From: M Lissack (firstname.lastname@example.org)
Date: Tue 27 Jan 2004 - 15:28:10 GMT
In your world the word token meme works. In the
scientific world it is so overloaded with conflicting
notions (including those expressed by Dawkins himself)
that it is next to useless as a unit of analysis. My
article is an attempt to help the field advance. Your
postings seem to indicate that you are opposed to the
idea that the field needs to advance.
You have a distinguished resume but you are not an
academic nor a philosopher nor a true scientist. To
refer people to works of years ago and say you "have
done all you can" is to ignore all of the work and
efforts that have gone on since those works you cite
were written. And I never recall asking for your
"help." I wrote an article, it was published, and people are commenting on it.

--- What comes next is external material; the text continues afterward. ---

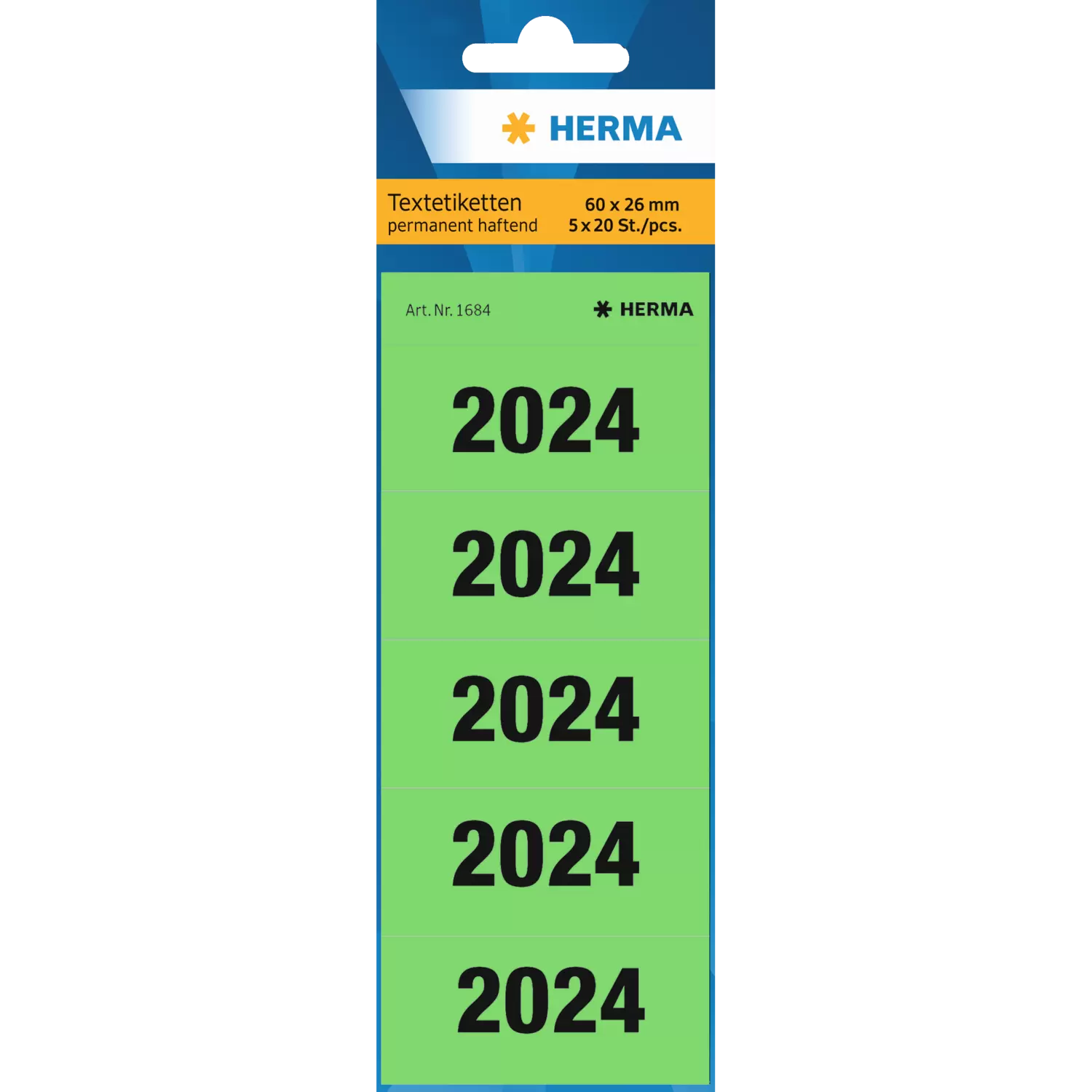 Jahreszahlen 2024 für Ordner, 60 x 26 mm, grün, permanent haftend

There is no established "definition" of a meme. There
is a loose collection of fuzzy notoions which all
share the label or word token "meme."
Science does not advance by treating definitions as
given but by questioning always questioning
Your web site fails to point to much of anything post
the year 2000. Do you believe that all worthy work
(save your own postings) stopped then? Do you really believe that a book you wrote more than a decade ago was prescient enough to answer challenges raised after the book was written?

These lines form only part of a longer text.